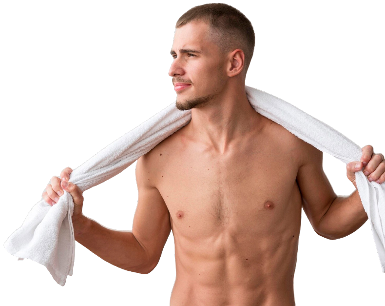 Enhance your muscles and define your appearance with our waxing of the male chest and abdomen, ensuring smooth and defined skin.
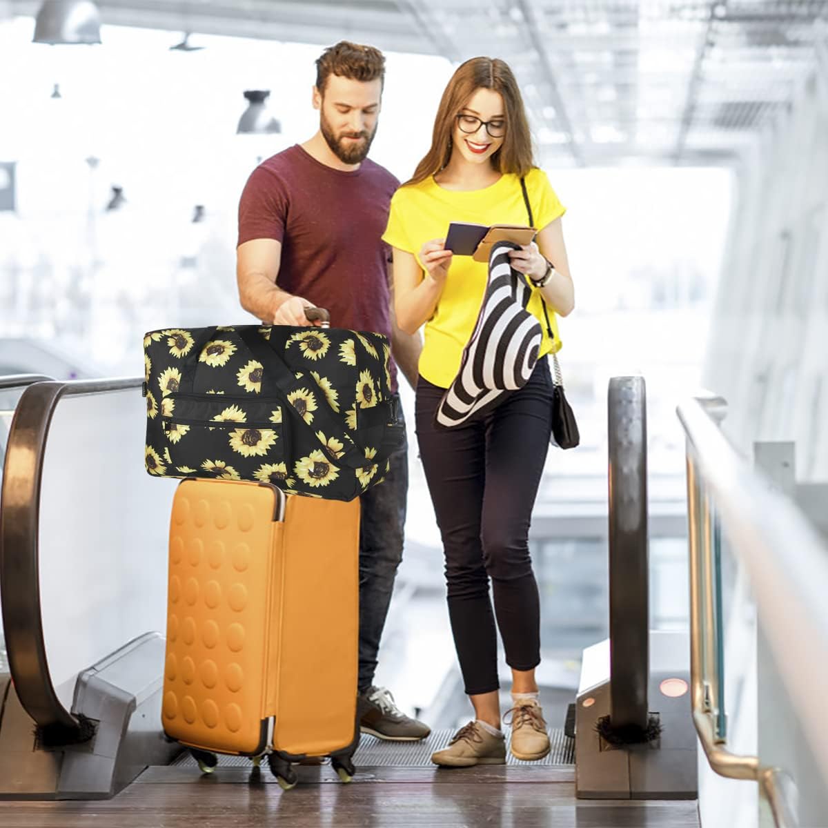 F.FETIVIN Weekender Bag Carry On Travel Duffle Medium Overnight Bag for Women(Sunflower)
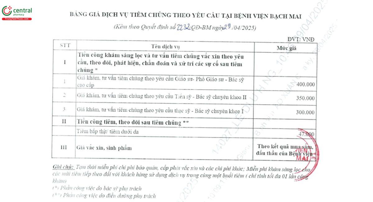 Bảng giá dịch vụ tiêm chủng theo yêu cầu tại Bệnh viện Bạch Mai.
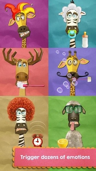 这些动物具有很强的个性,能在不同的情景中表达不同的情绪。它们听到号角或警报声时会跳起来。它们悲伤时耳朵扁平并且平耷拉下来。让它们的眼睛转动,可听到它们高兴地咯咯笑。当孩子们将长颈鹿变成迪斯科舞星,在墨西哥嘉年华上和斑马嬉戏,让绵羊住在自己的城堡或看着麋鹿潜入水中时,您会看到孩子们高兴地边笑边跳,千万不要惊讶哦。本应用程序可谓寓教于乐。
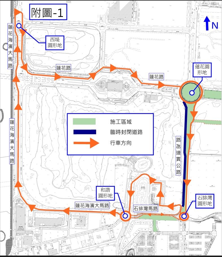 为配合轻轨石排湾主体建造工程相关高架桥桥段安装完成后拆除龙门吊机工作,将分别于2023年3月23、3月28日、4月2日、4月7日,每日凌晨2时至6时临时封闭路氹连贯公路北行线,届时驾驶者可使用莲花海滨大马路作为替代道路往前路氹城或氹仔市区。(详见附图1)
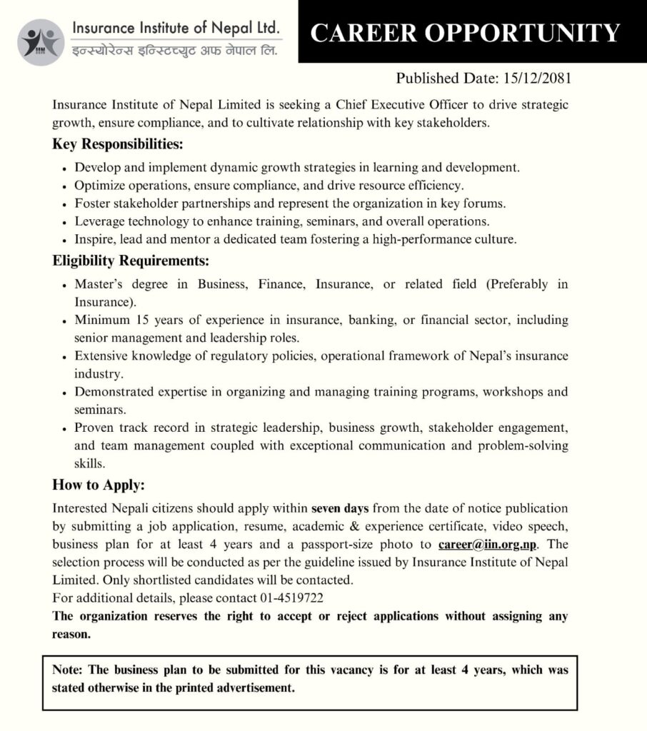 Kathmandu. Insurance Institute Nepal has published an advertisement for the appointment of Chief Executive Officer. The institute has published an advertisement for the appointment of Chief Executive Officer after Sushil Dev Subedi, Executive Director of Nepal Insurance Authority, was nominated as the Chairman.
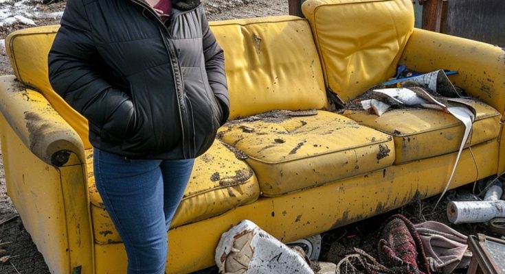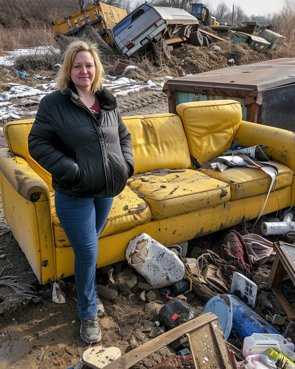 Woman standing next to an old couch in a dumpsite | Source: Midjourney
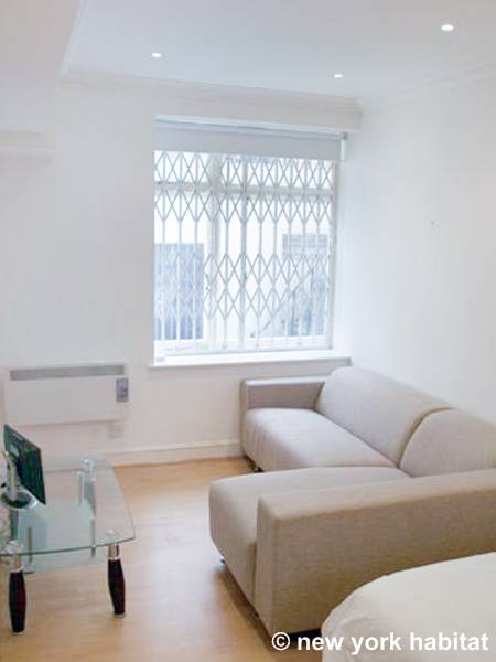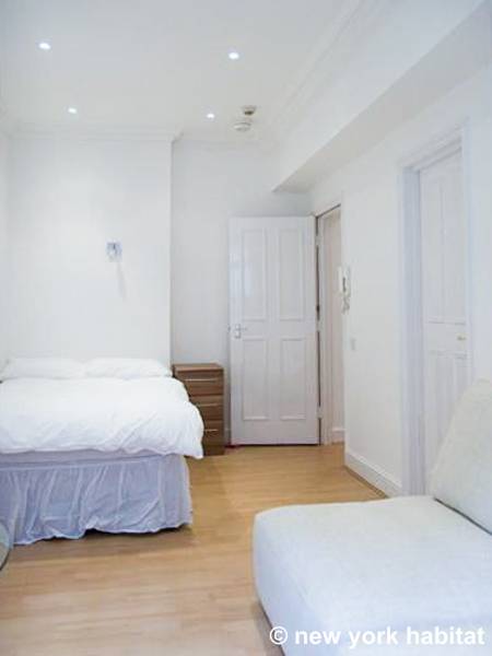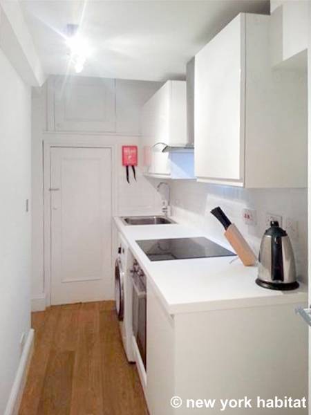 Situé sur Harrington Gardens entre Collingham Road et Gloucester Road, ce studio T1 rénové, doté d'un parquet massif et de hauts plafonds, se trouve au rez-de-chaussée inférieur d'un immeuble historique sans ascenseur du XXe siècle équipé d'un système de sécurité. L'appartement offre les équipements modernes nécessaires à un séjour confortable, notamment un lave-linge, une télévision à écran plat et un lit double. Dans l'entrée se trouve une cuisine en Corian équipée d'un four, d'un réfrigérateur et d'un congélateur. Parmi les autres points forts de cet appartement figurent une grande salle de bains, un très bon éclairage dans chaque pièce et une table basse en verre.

==

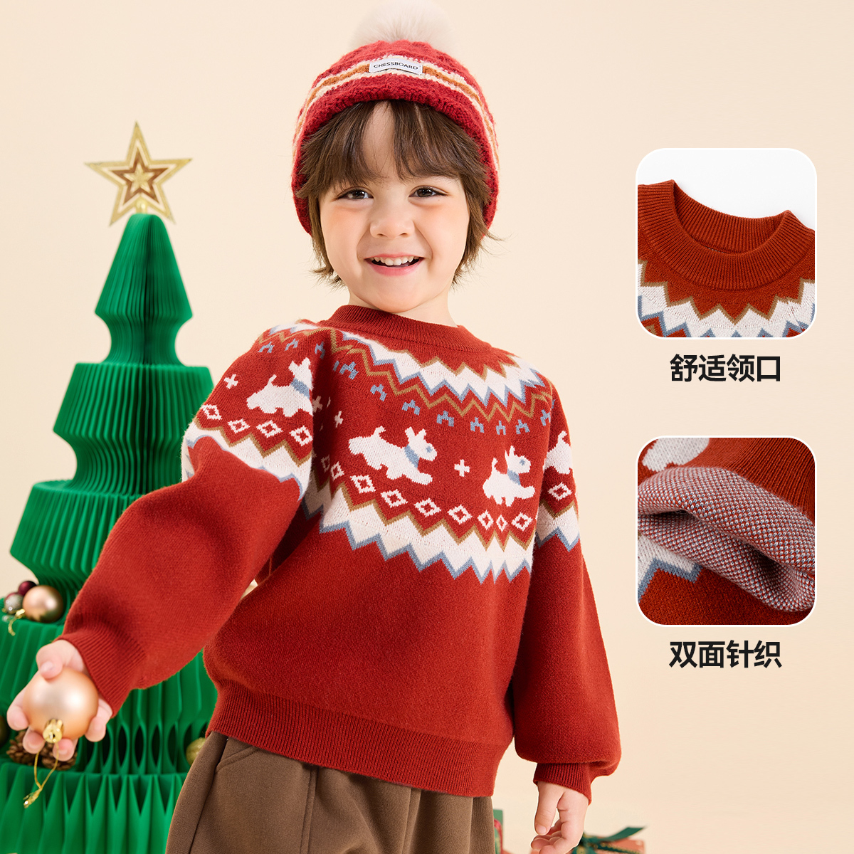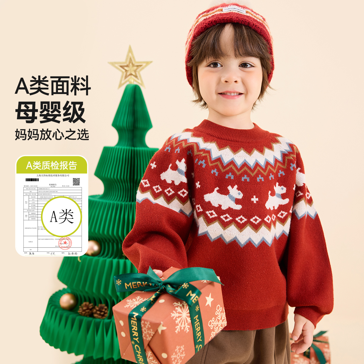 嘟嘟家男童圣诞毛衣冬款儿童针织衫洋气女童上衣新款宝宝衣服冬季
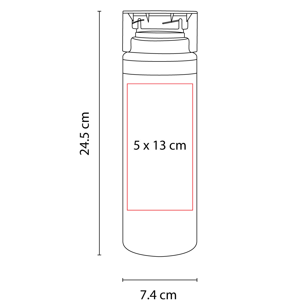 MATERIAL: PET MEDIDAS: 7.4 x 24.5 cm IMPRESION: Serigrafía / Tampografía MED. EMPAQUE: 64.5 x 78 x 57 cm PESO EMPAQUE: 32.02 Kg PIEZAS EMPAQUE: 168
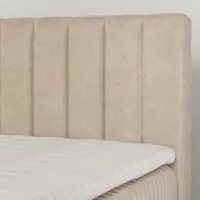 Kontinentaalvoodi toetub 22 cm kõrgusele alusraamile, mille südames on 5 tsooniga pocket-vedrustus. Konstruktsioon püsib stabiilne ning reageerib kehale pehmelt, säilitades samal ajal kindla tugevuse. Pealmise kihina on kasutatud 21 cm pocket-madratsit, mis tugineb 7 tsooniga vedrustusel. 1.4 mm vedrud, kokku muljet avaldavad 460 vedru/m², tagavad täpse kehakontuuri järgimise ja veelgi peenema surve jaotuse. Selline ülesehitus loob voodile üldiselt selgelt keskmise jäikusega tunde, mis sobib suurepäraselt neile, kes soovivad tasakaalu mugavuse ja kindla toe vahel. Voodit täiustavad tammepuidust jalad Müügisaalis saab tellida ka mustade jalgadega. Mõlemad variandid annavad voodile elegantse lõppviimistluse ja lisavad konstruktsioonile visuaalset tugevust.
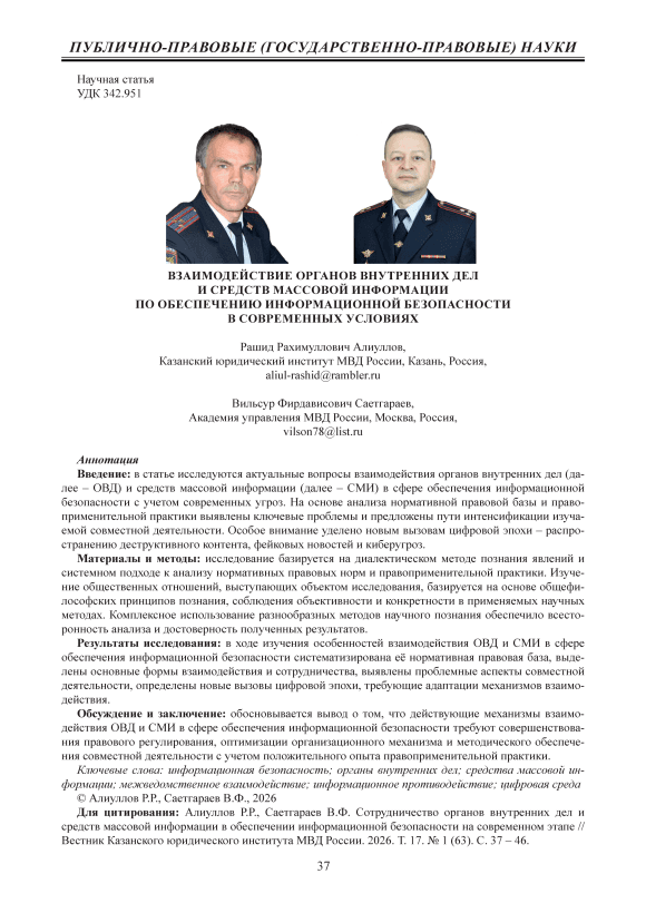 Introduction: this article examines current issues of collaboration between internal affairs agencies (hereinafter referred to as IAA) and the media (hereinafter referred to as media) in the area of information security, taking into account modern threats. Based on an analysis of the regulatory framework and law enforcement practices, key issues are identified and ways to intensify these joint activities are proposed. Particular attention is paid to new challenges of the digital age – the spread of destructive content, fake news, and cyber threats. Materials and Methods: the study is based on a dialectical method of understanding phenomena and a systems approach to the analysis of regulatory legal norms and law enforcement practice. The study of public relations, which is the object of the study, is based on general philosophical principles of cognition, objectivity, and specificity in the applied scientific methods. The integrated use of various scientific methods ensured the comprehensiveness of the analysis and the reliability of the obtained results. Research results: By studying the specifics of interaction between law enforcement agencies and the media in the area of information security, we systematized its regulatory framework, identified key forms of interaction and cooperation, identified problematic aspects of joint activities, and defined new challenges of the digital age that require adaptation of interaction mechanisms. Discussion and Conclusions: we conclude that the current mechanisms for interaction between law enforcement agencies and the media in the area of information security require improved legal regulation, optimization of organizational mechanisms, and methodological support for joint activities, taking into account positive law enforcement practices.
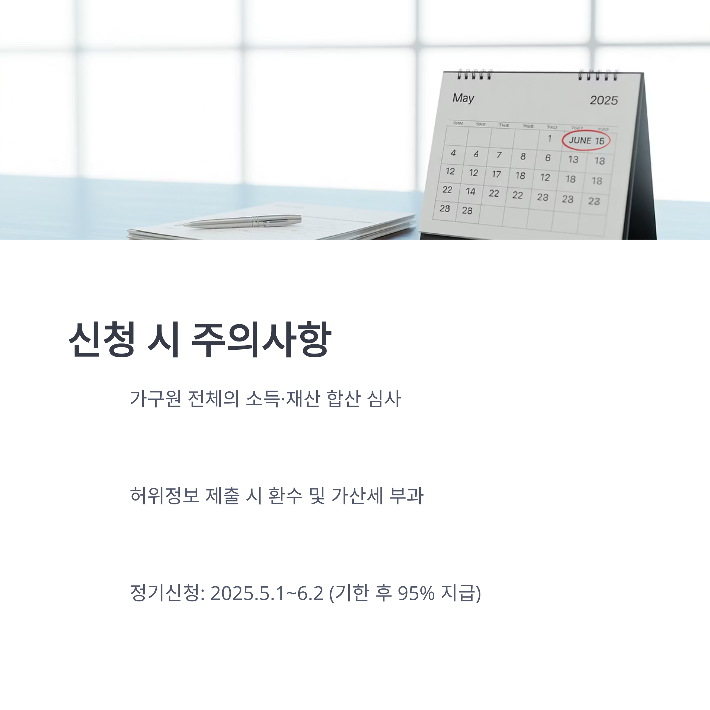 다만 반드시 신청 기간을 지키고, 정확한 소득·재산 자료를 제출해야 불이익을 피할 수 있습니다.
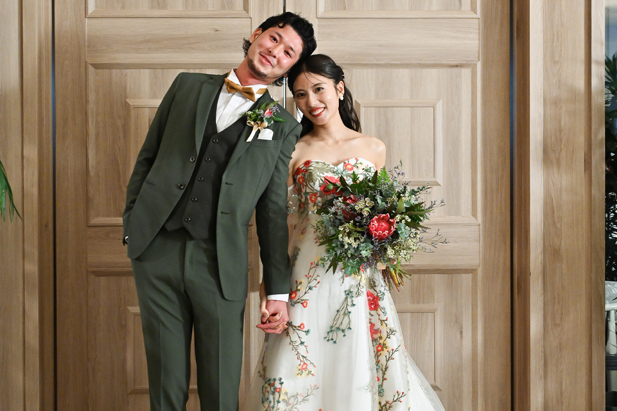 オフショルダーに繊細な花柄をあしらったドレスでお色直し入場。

What is needed
Drop the pictures; return the lines above from the line containing "Enhance your muscles" to the line containing "为配合轻轨石排湾主体建造工程", both included, exactly.

Answer space
 Enhance your muscles and define your appearance with our waxing of the male chest and abdomen, ensuring smooth and defined skin.
 F.FETIVIN Weekender Bag Carry On Travel Duffle Medium Overnight Bag for Women(Sunflower)
 Bảng giá dịch vụ tiêm chủng theo yêu cầu tại Bệnh viện Bạch Mai.
 这些动物具有很强的个性,能在不同的情景中表达不同的情绪。它们听到号角或警报声时会跳起来。它们悲伤时耳朵扁平并且平耷拉下来。让它们的眼睛转动,可听到它们高兴地咯咯笑。当孩子们将长颈鹿变成迪斯科舞星,在墨西哥嘉年华上和斑马嬉戏,让绵羊住在自己的城堡或看着麋鹿潜入水中时,您会看到孩子们高兴地边笑边跳,千万不要惊讶哦。本应用程序可谓寓教于乐。
 为配合轻轨石排湾主体建造工程相关高架桥桥段安装完成后拆除龙门吊机工作,将分别于2023年3月23、3月28日、4月2日、4月7日,每日凌晨2时至6时临时封闭路氹连贯公路北行线,届时驾驶者可使用莲花海滨大马路作为替代道路往前路氹城或氹仔市区。(详见附图1)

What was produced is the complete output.